Adaptive station selection incorporating observation data quality for UPD estimation
摘要
To address the uneven spatial distribution and significant variations in observation data quality among multi-GNSS experiment (MGEX) stations, this paper proposes an adaptive station selection method (comprehensive adaptive site selection, CAS) for uncalibrated phase delay (UPD) estimation that incorporates observation data quality, thereby overcoming the limitations of traditional methods that neglect station geometry and data quality. A position dilution of precision (PDOP) and UPD error propagation model is developed.
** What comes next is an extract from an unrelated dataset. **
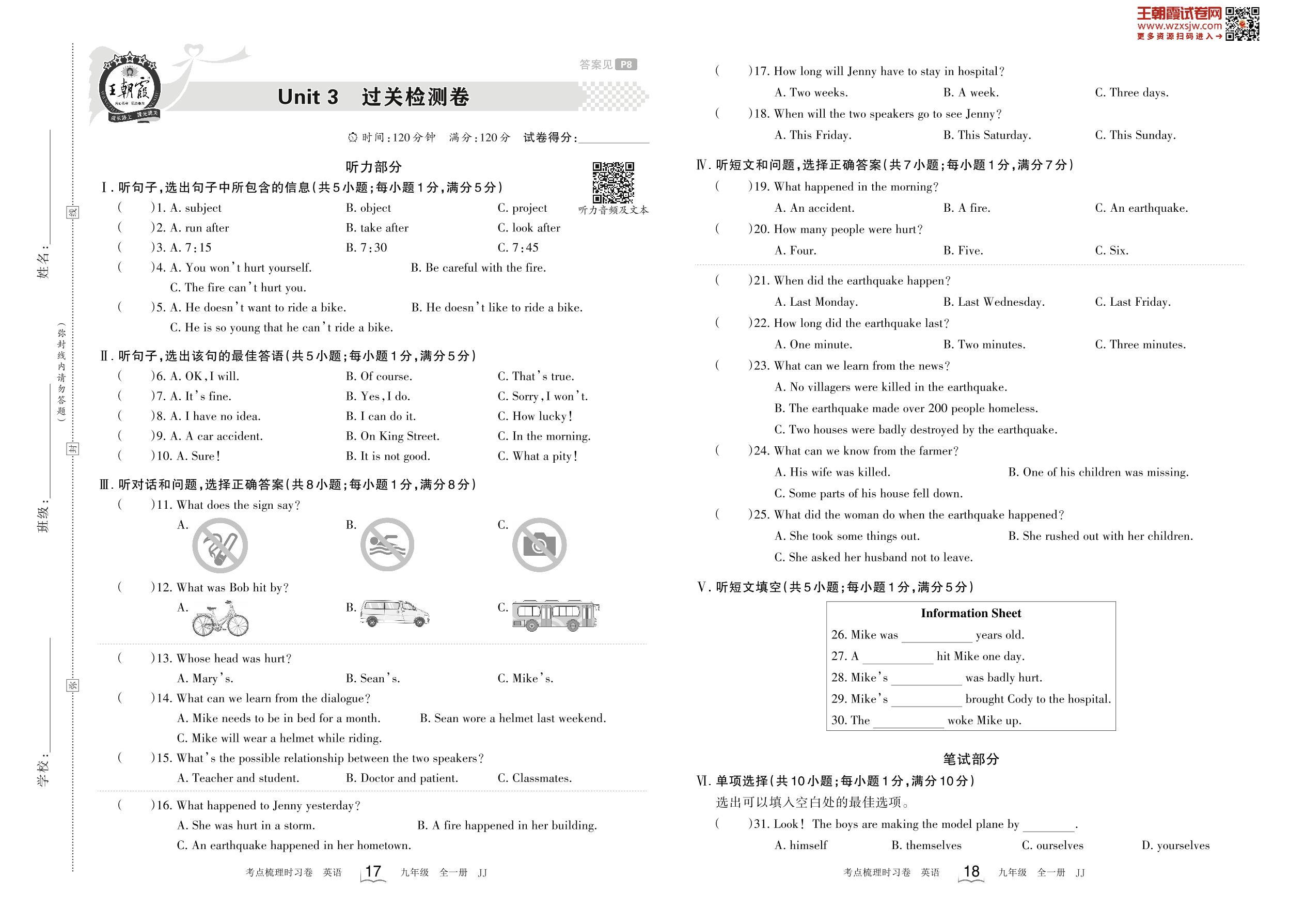 2023-2024学年九年级英语冀教版 Unit 3 过关检测卷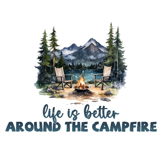 A serene campfire scene features chairs by the flames, surrounded by lush trees and majestic mountains, with the quote "life is better around the campfire." dtf transfers

Using marginal benefit theory, the optimal number of stations is determined. A multi-indicator evaluation system based on Dempster-Shafer (D-S) evidence theory is established to assess data quality, enabling a dynamic grid algorithm that balances spatial geometry and data quality. The experiments are conducted using BeiDou‑3 navigation satellite system (BDS‑3) data. Experimental results demonstrate that the proposed method selects 80 optimal stations, accounting for only 30% of the global stations. The estimated Narrow-Lane (NL) UPD products achieve an accuracy better than 0.05 cycles, with a discrepancy of less than 0.002 cycles compared to the full-station solution, indicating comparable precision. Furthermore, the computational time is reduced by 54.1%.